While masculinity is denigrated in society, it must be remembered that the genders complete and complement each other, he explained.

“The Scriptures rightly teach it takes generations of human genealogy, ancestral husbands and wives, to create our families and give us our human story — especially the truest story of all, the story of our faith,” Bishop Jenky said.

“I challenge you at this holy Mass and then in your homes to pass that story of faith undiminished to your children and your children’s children, no matter what the cost or how fierce the competition.”

Father Donton started his remarks by noting that not all of the men present were fathers or even brothers, “but we are all sons of our almighty God.”

From this family of faith he singled out a father and brother for special mention. “Both of them were ordinary men who were called to do extraordinary things,” he told them.

The father was St. Joseph and Father Donton pointed out the ways his listeners and the saint were alike, calling both hard working, humble and holy men.

“He was, in just a couple of words, a silent servant,” Father Donton said. Their brother, St. Andre Bessette, was another “silent servant.”

“While he lived to be 91 years of age, he was a man of few words. But when he spoke, his words were powerful. His words could heal,” he said of the Holy Cross Brother who was canonized last October.

Father Donton said he was introduced to St. Andre when he visited the Oratory of St. Joseph, where the saint ministered in Montreal, Canada.

“I was drawn to him because of his deep devotion to my namesake, St. Joseph. It was through St. Andre that my devotion to St. Joseph began to grow even more deeply,” Father Donton explained. “The more I learned about Brother Andre, the more I fell in love with my patron.”

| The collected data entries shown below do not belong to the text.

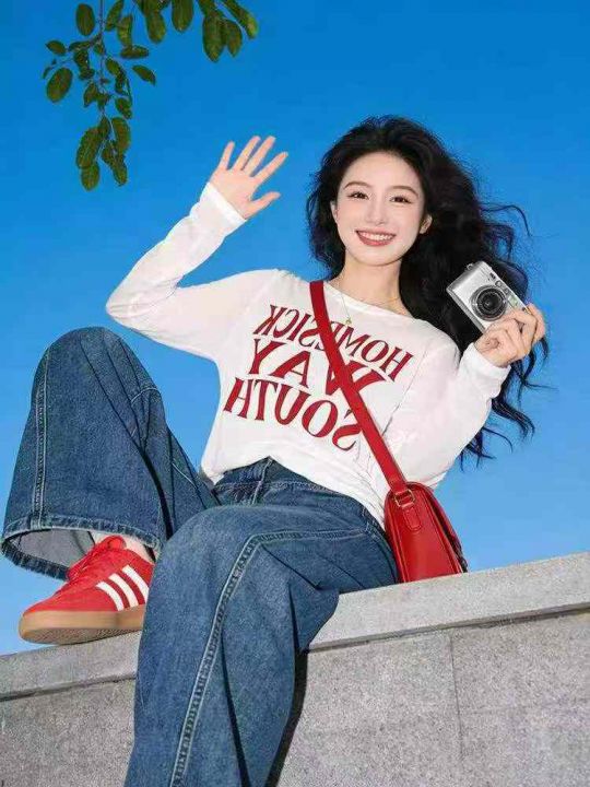 女装长袖T恤女宽松圆领印花上衣.一个颜色,图案有很多种.独立包装.码数:1X...
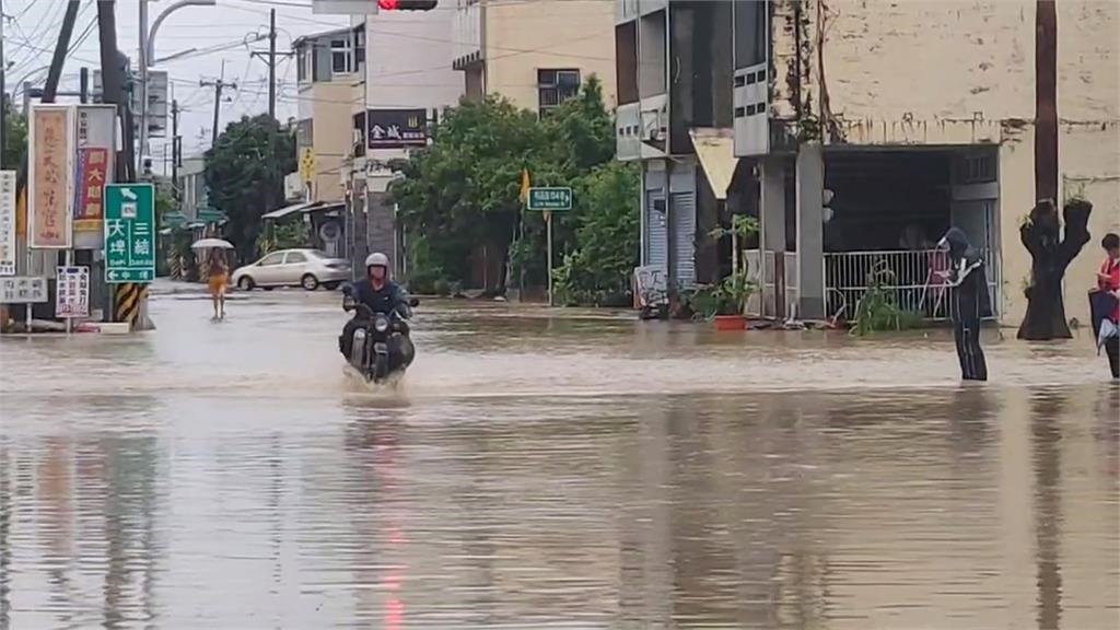 不過淹水的,還有這裡,整條柏油路,變成一條小河,水深接近小腿肚,只見機車騎士,不畏大水,直直向前行駛。斗南鎮,有16個里,全都泡在水裡,影響300多戶住家,居民只能緊急堆沙包自救,不過淹水問題,其實常常發生。
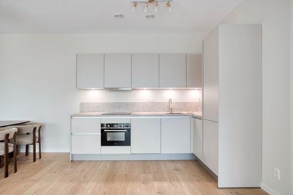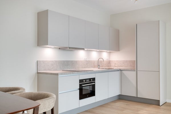 De strakke keuken is volledig uitgerust met inbouwapparatuur, waaronder een combi-oven, inductiekookplaat, koelkast, vriezer en vaatwasser, perfect voor wie graag thuis kookt.

He said St. Andre has been a friend throughout his priestly ministry and “has helped me bring peace and comfort to the many people whom I have been called to serve.”

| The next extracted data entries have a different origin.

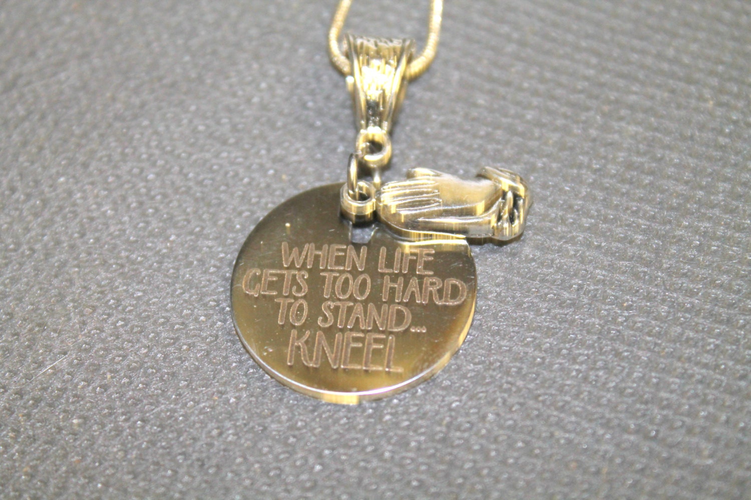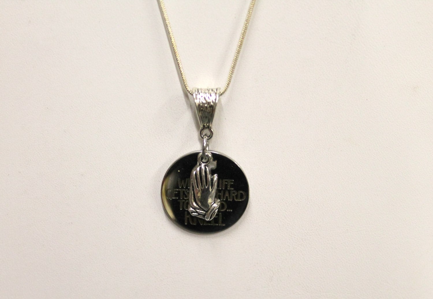 Beautiful stainless pendant that says "When Life Gets Too Hard to Stand... Kneel" along with a silver tone praying hands charm on your choice of a 16, 18, 20, 22, 24, 26, 28 or 30 inch silver plated snake chain. The necklace would be a great gift for someone that you love that is going through a tough time or as a reminder for yourself to turn things over to God.
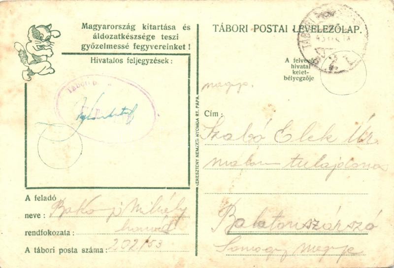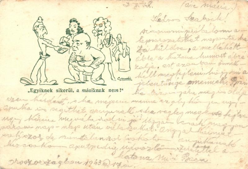 Leírás: 1943 Egyiknek sikerül, a másiknak nem! Tábori Postai Levezőlap / WWII Hungarian military humour s: Csordás (EK)
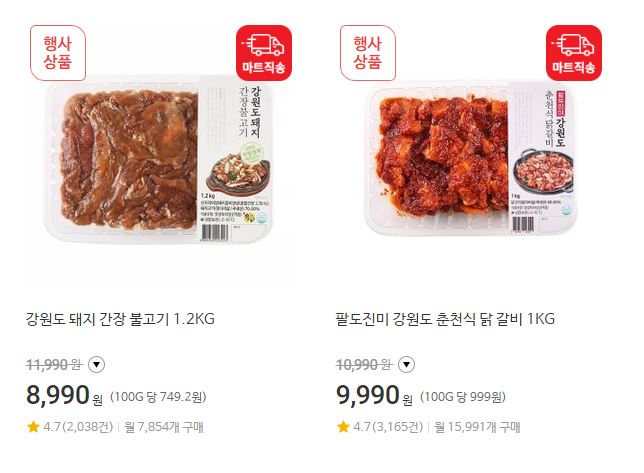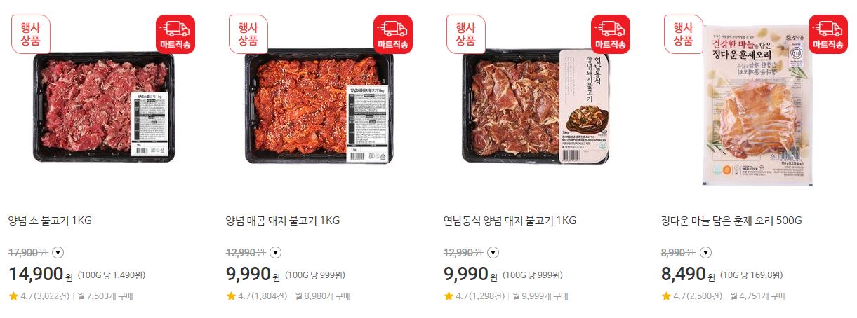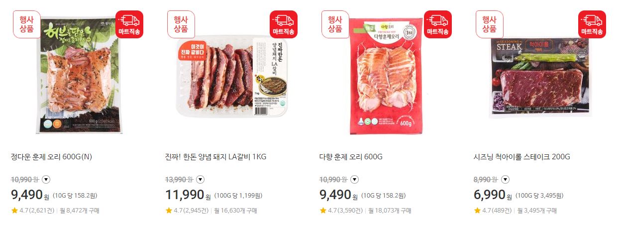 할인 품목 : 닭갈비, 스테이크, 돼지불고기 등
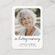 Honorer la mémoire de votre être cher avec la Carte murale In Loving Memory Modern. Cette tenue attentive comporte une photo personnalisée au dos et peut être personnalisée avec un poème, une prière ou un message sincère. Conçue dans un style moderne et élégant, cette carte porte-monnaie est un moyen significatif de chérir et de partager des souvenirs, offrant le confort à la famille et aux amis.
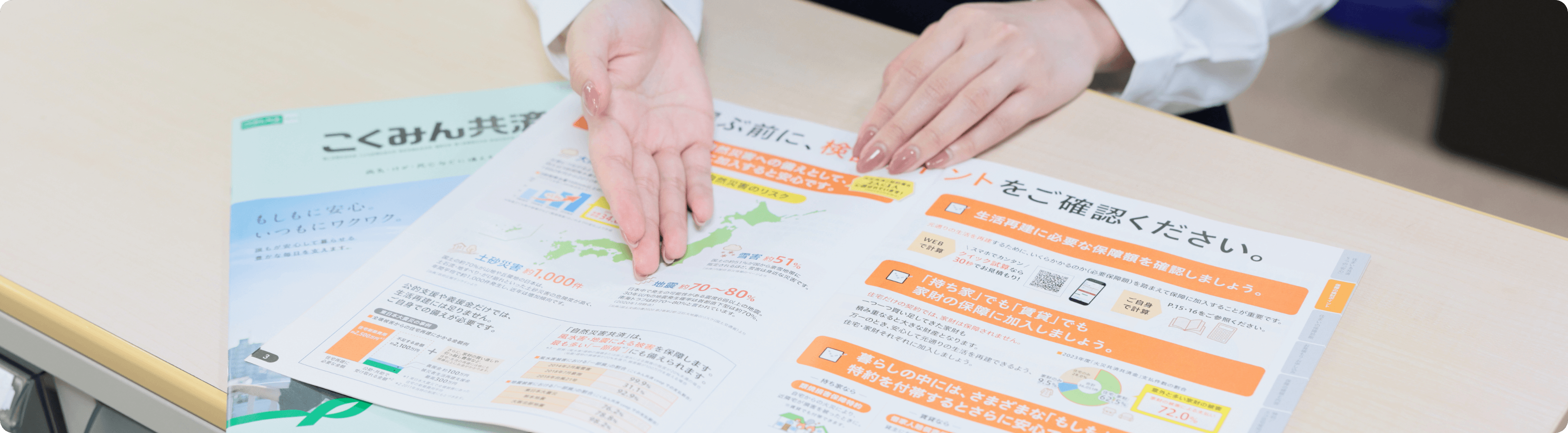 組合員に共済金をお支払いする事由が発生したときに、請求書類の受付、審査、支払いまでを担う部門です。⽣命系(病気・けが・死亡)から損害系(⽕災・災害・交通事故)まで、幅広い分野に対応しています。
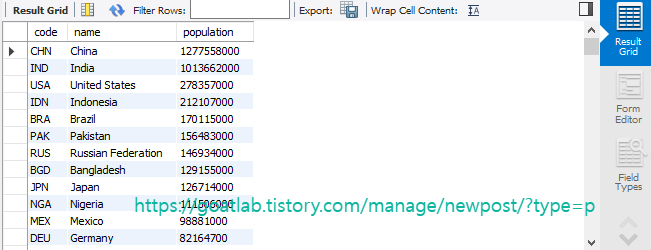 # 출력 : 국가코드, 도시이름, 인구수
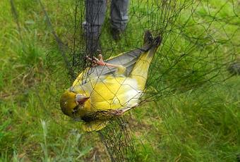 Un grupo del cual anillamos varios individuos fue el de los fringílidos, en concreto 3 ejemplares. El más guapo fue sin duda un macho de verderón común Carduelis chloris, que resultó ser un ave de primer año. Aquí podemos ver el proceso completo, desde su captura en la red, pasando por la toma de medidas y su liberación final. Por supuesto, el proceso se realiza lo más rápido posible para evitar que el pajarín se estrese en exceso.
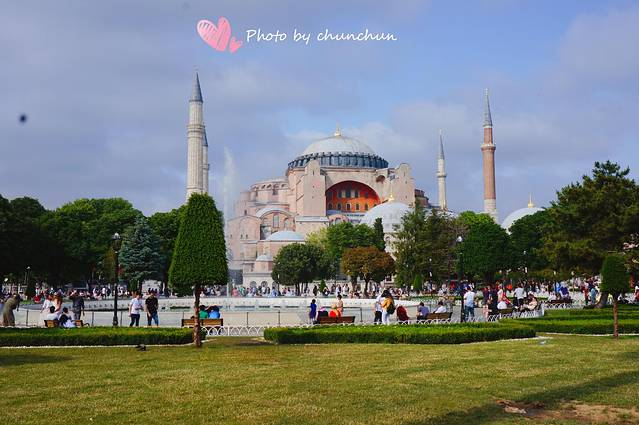 我看了一下天气通,土耳其早上五点一刻日出,八点一刻日落,所以时间尚早,去了对面的圣索菲亚大教堂,大概步行五分钟啊,选的时间刚刚好,基本没人。土耳其全程的门票都涨价了,跟他的火爆程度相媲美,因为每一个地方的门票都比我看的游记要贵一倍,捂脸。
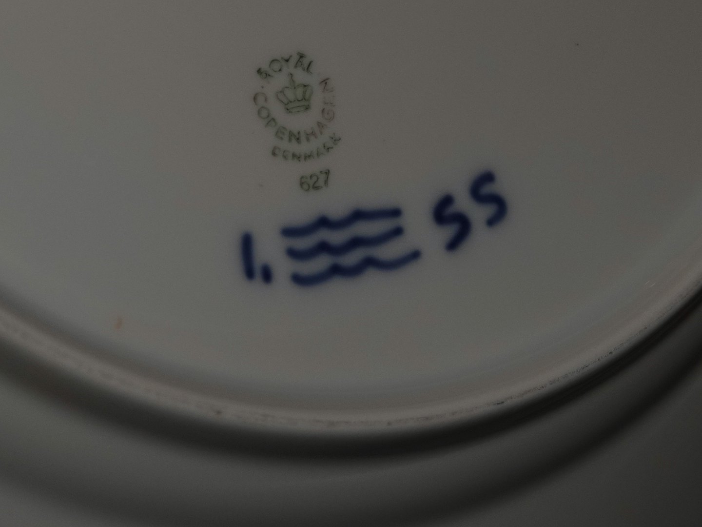Royal Copenhagen Musselmalet Riflet, ekstra stor middagstallerknen. Disse er malet i Danmark. Dekorationsnummer 627. 2. sortering. Diameter 27,5 cm. Perfekt stand.
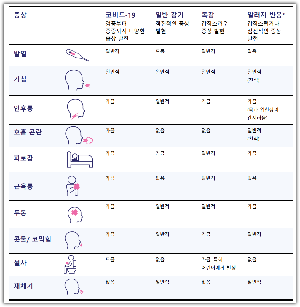 요즘 마스크 착용 의무 해제와 함께 새 학기가 시작되면서 비말을 통해 전파되는 감기 바이러스까지 쉽게 유행할 수 있는 상황입니다. 따라서 코로나 증상과 다른 증상의 차이 먼저 살펴보도록 하겠습니다.

One of them was a woman he met while serving as rector of St. Mary’s Cathedral. Diagnosed with cancer, she asked him to anoint her. In praying for her he entrusted her to the care and protection of St. Andre.

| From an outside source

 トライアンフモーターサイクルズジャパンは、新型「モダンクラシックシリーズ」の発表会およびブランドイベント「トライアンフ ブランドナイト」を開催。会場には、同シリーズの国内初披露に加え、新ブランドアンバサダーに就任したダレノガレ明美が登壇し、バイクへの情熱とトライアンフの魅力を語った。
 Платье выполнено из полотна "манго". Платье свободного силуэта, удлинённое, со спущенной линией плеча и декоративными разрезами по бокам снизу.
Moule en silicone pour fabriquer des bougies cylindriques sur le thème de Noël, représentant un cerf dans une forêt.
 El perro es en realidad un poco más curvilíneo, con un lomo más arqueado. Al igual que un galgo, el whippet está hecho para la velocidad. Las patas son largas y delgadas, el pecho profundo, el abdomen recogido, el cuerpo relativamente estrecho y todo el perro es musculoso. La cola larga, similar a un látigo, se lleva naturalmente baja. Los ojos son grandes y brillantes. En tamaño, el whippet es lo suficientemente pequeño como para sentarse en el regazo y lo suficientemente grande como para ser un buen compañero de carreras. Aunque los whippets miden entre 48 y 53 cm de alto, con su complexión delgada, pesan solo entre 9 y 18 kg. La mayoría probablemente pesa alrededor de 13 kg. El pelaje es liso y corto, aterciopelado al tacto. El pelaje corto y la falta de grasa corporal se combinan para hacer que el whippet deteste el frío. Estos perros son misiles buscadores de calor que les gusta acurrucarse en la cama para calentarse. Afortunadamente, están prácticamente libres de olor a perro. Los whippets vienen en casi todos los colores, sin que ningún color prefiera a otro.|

As her cancer progressed she started talking to “Joseph” and calling out for “Father Andre.” Her daughter became concerned and talked to Father Donton. When he explained what he had done many months before “she knew what I knew — that it was indeed Brother Andre that had been taking care of her mother throughout this difficult and trying time.”

“When I look at his life, I’m reminded that God chooses those who often seem the most unlikely to do his work,” Father Donton said.

He asked the men to consider something as they marched forth from Liberty Park: “Is God choosing you — perhaps you might think one of the most unlikely people — to do his will, to be his follower, to be his disciple and to do his work in the world?”

Dominic Hakes might have been a bit young to do that just yet, but his father, David Hakes of Brimfield, said these are things he wants his 20-month-old son to learn as soon as possible.

“I wanted to come and stand up for my faith, and I want to get him started early — to nourish that,” said David, who is a member of St. Jude’s in Peoria. “I’ve come every year; this is his second year.”

He added that it’s good to be around other men of faith because “it builds me up.”

John Lawrence of Sacred Heart in Farmer City came the first time to support Bishop Jenky, but found that he also likes the fellowship of other Catholic men he knows in the Diocese of Peoria. He has attended the march and Mass for five years with members of his Cursillo reunion group and was accompanied this year by his son, Andrew, and grandson, James, who will be 2 in August.

While some might have been deterred by the rain, “weather is not going to stop us from doing this,” John Lawrence told The Catholic Post. Their witness is important not just for the men in their parishes, but for the whole diocese, he said.

Andrew Lawrence, a member of Epiphany Parish in Normal and a sixth grade teacher at St. Mary’s in Pontiac, has been part of St. Mary’s delegation to the Chrism Mass and said that being at the cathedral is like “coming home.”